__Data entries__
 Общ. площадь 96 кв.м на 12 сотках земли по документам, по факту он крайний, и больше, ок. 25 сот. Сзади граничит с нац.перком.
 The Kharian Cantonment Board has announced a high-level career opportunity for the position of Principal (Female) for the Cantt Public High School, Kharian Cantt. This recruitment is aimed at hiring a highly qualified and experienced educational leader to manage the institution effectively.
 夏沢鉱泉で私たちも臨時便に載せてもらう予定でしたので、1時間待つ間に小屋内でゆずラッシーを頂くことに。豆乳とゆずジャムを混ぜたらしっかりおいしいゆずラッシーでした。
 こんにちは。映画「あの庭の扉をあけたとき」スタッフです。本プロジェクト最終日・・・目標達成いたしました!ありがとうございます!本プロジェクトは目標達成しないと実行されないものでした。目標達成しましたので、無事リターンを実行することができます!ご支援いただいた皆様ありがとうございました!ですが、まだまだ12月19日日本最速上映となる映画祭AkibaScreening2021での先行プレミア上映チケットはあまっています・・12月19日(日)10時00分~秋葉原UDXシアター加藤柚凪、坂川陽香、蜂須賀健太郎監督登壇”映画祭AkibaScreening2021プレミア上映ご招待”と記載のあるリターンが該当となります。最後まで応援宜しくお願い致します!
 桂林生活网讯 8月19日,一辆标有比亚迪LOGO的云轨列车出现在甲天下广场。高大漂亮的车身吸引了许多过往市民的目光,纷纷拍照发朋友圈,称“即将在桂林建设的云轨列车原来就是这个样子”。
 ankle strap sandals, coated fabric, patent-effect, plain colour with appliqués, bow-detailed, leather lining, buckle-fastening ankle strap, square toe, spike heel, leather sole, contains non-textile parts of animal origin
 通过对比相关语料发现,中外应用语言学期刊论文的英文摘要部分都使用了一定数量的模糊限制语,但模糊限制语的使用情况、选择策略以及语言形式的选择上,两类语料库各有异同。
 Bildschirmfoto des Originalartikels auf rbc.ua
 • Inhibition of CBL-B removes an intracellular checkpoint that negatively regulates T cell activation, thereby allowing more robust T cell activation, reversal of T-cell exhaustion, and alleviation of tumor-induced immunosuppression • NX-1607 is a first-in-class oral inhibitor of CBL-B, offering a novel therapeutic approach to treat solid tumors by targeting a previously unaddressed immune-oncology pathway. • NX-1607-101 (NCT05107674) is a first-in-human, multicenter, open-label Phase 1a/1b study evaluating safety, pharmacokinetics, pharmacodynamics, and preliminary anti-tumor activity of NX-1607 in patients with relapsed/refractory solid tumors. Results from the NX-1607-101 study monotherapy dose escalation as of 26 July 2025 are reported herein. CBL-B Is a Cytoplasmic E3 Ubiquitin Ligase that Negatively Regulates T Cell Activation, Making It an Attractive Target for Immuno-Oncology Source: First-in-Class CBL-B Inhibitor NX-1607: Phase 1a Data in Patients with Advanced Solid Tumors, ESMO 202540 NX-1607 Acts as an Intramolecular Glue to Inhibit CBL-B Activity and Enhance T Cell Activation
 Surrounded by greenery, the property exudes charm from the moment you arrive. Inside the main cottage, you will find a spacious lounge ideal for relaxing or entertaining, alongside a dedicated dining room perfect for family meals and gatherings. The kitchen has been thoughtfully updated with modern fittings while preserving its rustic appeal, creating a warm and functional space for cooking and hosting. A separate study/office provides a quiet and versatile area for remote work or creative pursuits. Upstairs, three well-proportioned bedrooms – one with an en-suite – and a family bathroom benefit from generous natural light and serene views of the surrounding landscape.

__Exercise goal__
Repeat all of the records above exactly as they appear.

__Result of the task__
 Общ. площадь 96 кв.м на 12 сотках земли по документам, по факту он крайний, и больше, ок. 25 сот. Сзади граничит с нац.перком.
 The Kharian Cantonment Board has announced a high-level career opportunity for the position of Principal (Female) for the Cantt Public High School, Kharian Cantt. This recruitment is aimed at hiring a highly qualified and experienced educational leader to manage the institution effectively.
 夏沢鉱泉で私たちも臨時便に載せてもらう予定でしたので、1時間待つ間に小屋内でゆずラッシーを頂くことに。豆乳とゆずジャムを混ぜたらしっかりおいしいゆずラッシーでした。
 こんにちは。映画「あの庭の扉をあけたとき」スタッフです。本プロジェクト最終日・・・目標達成いたしました!ありがとうございます!本プロジェクトは目標達成しないと実行されないものでした。目標達成しましたので、無事リターンを実行することができます!ご支援いただいた皆様ありがとうございました!ですが、まだまだ12月19日日本最速上映となる映画祭AkibaScreening2021での先行プレミア上映チケットはあまっています・・12月19日(日)10時00分~秋葉原UDXシアター加藤柚凪、坂川陽香、蜂須賀健太郎監督登壇”映画祭AkibaScreening2021プレミア上映ご招待”と記載のあるリターンが該当となります。最後まで応援宜しくお願い致します!
 桂林生活网讯 8月19日,一辆标有比亚迪LOGO的云轨列车出现在甲天下广场。高大漂亮的车身吸引了许多过往市民的目光,纷纷拍照发朋友圈,称“即将在桂林建设的云轨列车原来就是这个样子”。
 ankle strap sandals, coated fabric, patent-effect, plain colour with appliqués, bow-detailed, leather lining, buckle-fastening ankle strap, square toe, spike heel, leather sole, contains non-textile parts of animal origin
 通过对比相关语料发现,中外应用语言学期刊论文的英文摘要部分都使用了一定数量的模糊限制语,但模糊限制语的使用情况、选择策略以及语言形式的选择上,两类语料库各有异同。
 Bildschirmfoto des Originalartikels auf rbc.ua
 • Inhibition of CBL-B removes an intracellular checkpoint that negatively regulates T cell activation, thereby allowing more robust T cell activation, reversal of T-cell exhaustion, and alleviation of tumor-induced immunosuppression • NX-1607 is a first-in-class oral inhibitor of CBL-B, offering a novel therapeutic approach to treat solid tumors by targeting a previously unaddressed immune-oncology pathway. • NX-1607-101 (NCT05107674) is a first-in-human, multicenter, open-label Phase 1a/1b study evaluating safety, pharmacokinetics, pharmacodynamics, and preliminary anti-tumor activity of NX-1607 in patients with relapsed/refractory solid tumors. Results from the NX-1607-101 study monotherapy dose escalation as of 26 July 2025 are reported herein. CBL-B Is a Cytoplasmic E3 Ubiquitin Ligase that Negatively Regulates T Cell Activation, Making It an Attractive Target for Immuno-Oncology Source: First-in-Class CBL-B Inhibitor NX-1607: Phase 1a Data in Patients with Advanced Solid Tumors, ESMO 202540 NX-1607 Acts as an Intramolecular Glue to Inhibit CBL-B Activity and Enhance T Cell Activation
 Surrounded by greenery, the property exudes charm from the moment you arrive. Inside the main cottage, you will find a spacious lounge ideal for relaxing or entertaining, alongside a dedicated dining room perfect for family meals and gatherings. The kitchen has been thoughtfully updated with modern fittings while preserving its rustic appeal, creating a warm and functional space for cooking and hosting. A separate study/office provides a quiet and versatile area for remote work or creative pursuits. Upstairs, three well-proportioned bedrooms – one with an en-suite – and a family bathroom benefit from generous natural light and serene views of the surrounding landscape.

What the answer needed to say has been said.